Best bet has always been matchmaking, so people can gradually learn and improve in a slightly more forgiving surrounding, but for that to work you need a sizeable playerbase to begin with. Maybe if NS2 ever goes F2P...
That's why I said you need ppl "on the ground"... in the game actively helping and explaining. This is the way to go... YouTube Videos are for attention and fun. not for getting in the game. That's why vets are needed on rookie servers. and that's why exploiters (rookie stomper) need to be banned from life, for life ^^ harsh but true. we lose one asshole in the community and 20 stay, that would have fleft for good. fine trade off in my oppinion
If you decapitate a thief 8 more quit stealing imediately
Like I said earlier.. it's the YEAR of asymetric multiplayer... Casual shiz... there ARE ppl who would kill for the challenge, the just don't KNOW about NS2... YouTube would change that. no tut vids. REALY funny rounds with crazy ppl that have nice personalitys. Or even some preGame madness.
This only helps to keep players. We are way past that point. We either need players back or get new ones. And that's incredibly harder to do.
But none of these easy to get games has sooo much to it like NS2 does. That's why I said earlier we need to communicate it better. Ppl can't like what they are not aware of.
@F0rdPrefect yeah, sure it keeps em. They do not deinstall imediately. New ones via YouTube, old ones via Group events. way to go. I don't think either of us can afford TV commercials. That would be UWEs part anyway.
BeigeAlertTexasJoin Date: 2013-08-08Member: 186657Members, Super Administrators, Forum Admins, NS2 Developer, NS2 Playtester, Squad Five Blue, Squad Five Silver, NS2 Map Tester, Reinforced - Diamond, Reinforced - Shadow, Subnautica Playtester, Pistachionauts
It's so discouraging to see how pessimistic this community has become. Why is it too late to save this game? Yea it's old, but it looks just as good or better than most games out there. And I'm sure there are plenty of people out there that would love this game, just haven't bothered to check it out yet, and just *one* more sale is all it's going to take to get them to pay this game a visit. What are they going to find when they do?

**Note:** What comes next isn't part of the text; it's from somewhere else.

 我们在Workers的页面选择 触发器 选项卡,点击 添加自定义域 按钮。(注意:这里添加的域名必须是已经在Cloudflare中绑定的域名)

You guys might be fine just sitting around while this game dies, but I'm not.
Soul_RiderMod BeanJoin Date: 2004-06-19Member: 29388Members, Constellation, Squad Five Blue
@BeigeAlert - You are acting almost like this is the first game you have loved that has died due to a lack of players. It is something you get used to.. NS1 died, and many others have before that, it is what happens. By all means try and do something to increase the playerbase, but NS2 is old news now. Without somekind of massive re-invention it just won't achieve the results you are looking for.
@Soul_Rider That's what BeigeAlert meant with beeing pessimistic. Don't like the game anymore, fine.. keep it to your self, pls. Thx very much. Ppl still play Star Craft Brood War, cuz it's a sport. Or Street Fighter (even older). Hell they play football and this was old news befor there where news
@BeigeAlert - You are acting almost like this is the first game you have loved that has died due to a lack of players. It is something you get used to.. NS1 died, and many others have before that, it is what happens. By all means try and do something to increase the playerbase, but NS2 is old news now. Without somekind of massive re-invention it just won't achieve the results you are looking for.

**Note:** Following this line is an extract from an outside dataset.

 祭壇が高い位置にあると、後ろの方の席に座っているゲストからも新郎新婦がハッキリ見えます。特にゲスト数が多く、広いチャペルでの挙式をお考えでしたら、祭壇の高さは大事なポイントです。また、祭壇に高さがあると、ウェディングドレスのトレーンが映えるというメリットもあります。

It's not. I used to make maps for Starcraft Brood War, and that's dead now too... but that game lasted at least a DECADE, this game has lasted about 2 years so far. As I understand, NS1 lasted much longer as well... right? (I wasn't around for NS1... )
Brood war is still the shiz in Korea... and it's only not THAT populat anymore, cuz' there is SC2.. It's THE SAME GAME. With uped graphics and refined gameplay... When UWEs has recovered from Subnautica we'll have NS3 6-8 Years from now. Will be the same deal like with SC. If they are still sane.

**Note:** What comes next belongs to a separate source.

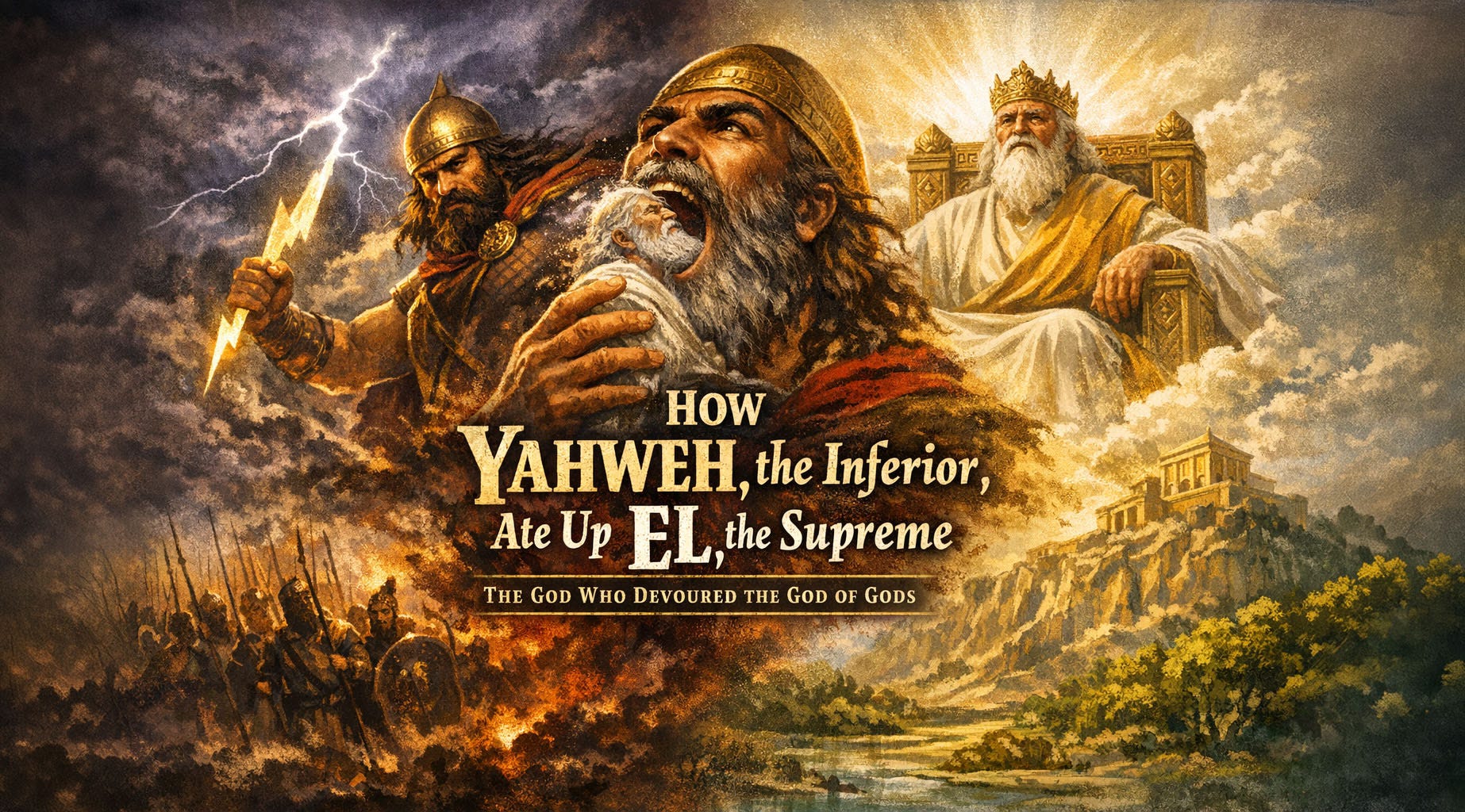 Before he became the god of Moses, before he became the sole deity of Judaism, Christianity, and Islam — before he became the creator of the universe, the judge of all nations, the one and only — Yahweh was a minor regional deity, a storm god from the southern deserts and a second-tier figure in a pantheon he didn’t run. As a god of war, he wasn’t gentle, either — a vicious god you didn’t question. You just obeyed and didn’t let your conscience get in the way.

BeigeAlertTexasJoin Date: 2013-08-08Member: 186657Members, Super Administrators, Forum Admins, NS2 Developer, NS2 Playtester, Squad Five Blue, Squad Five Silver, NS2 Map Tester, Reinforced - Diamond, Reinforced - Shadow, Subnautica Playtester, Pistachionauts
edited August 2014
Well Starcraft is a bit of an anomaly... I mean... yea it'd be great if there was some country out there that had adopted NS2 as a huge part of their culture... but there isn't. Gorgistan they'd call it.
Well... that's our fault. We havent done the massive productions jet. also it's easier to set up a 1v1 than a 6v6 with specs... but ultimateley more interesting when handled correctly. I'd like to watch NS2 in a good production in my favorite bar. Am i alone?! I think it's far better than cartoons rainbow flashin away thier HP bars till I get a seizure (LoL, Dota)... and THAT IS on TV
But none of these easy to get games has sooo much to it like NS2 does. That's why I said earlier we need to communicate it better. Ppl can't like what they are not aware of.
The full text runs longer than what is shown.